Britain’s manufacturers received a fresh warning shot yesterday as it emerged that the sector had endured its worst performance in 14 months.
Firms were “walking rather than running” in August, according to the closely monitored Cips/Markit purchasing managers’ index (PMI). The survey’s headline activity barometer produced a weaker-than-expected reading of 52.5, down from 54.8 a month earlier, though still above the 50 level that separates expansion from contraction.
The report painted a picture of a broad slowdown, with inflows of new business and new export orders weakening and the pace of job creation easing.

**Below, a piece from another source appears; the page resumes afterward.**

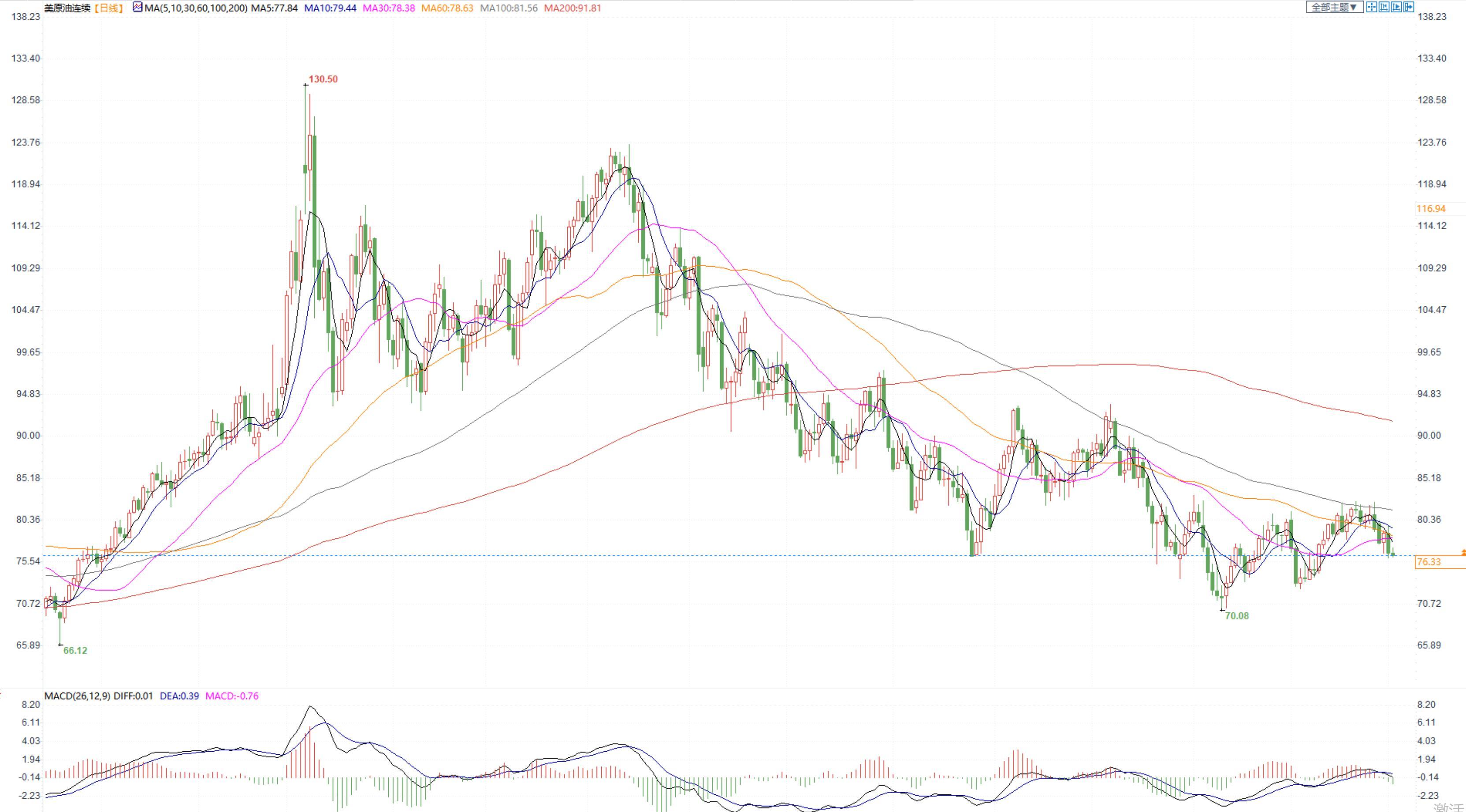 期货市场,布油在83美元整数关口附近震荡整理,5日均线下穿20日均线,关注40日均线附近的支撑情况。国内SC2303合约跌超3%,收盘价534.2。

Markit senior economist Rob Dobson said it was evident that UK industry was not immune to the impact of the conflict between Ukraine and Russia on the UK’s biggest trading partner.
He said: “It is noticeable that where export orders were reported to have risen, companies mainly linked this to demand from North America, Asia and the Middle East, as opposed to our European partners.”
The downbeat findings will give Bank of England policymakers further food for thought this week as they consider whether to raise interest rates.
Howard Archer, chief European and UK economist at forecasting consultancy IHS Global Insight, said the data was “significantly softer” than expected.
“The survey will fuel expectations that the Bank of England will hold off from raising interest rates until early 2015,” he noted. “However, it is still a close call and much will clearly depend on what happens with wage growth over the coming months as well as the economy’s overall performance.”
A PMI for eurozone manufacturers also showed growth eased more than first thought, while Britain’s main manufacturing trade association, the EEF, cut its growth forecast for this year after members reported a big drop in export orders.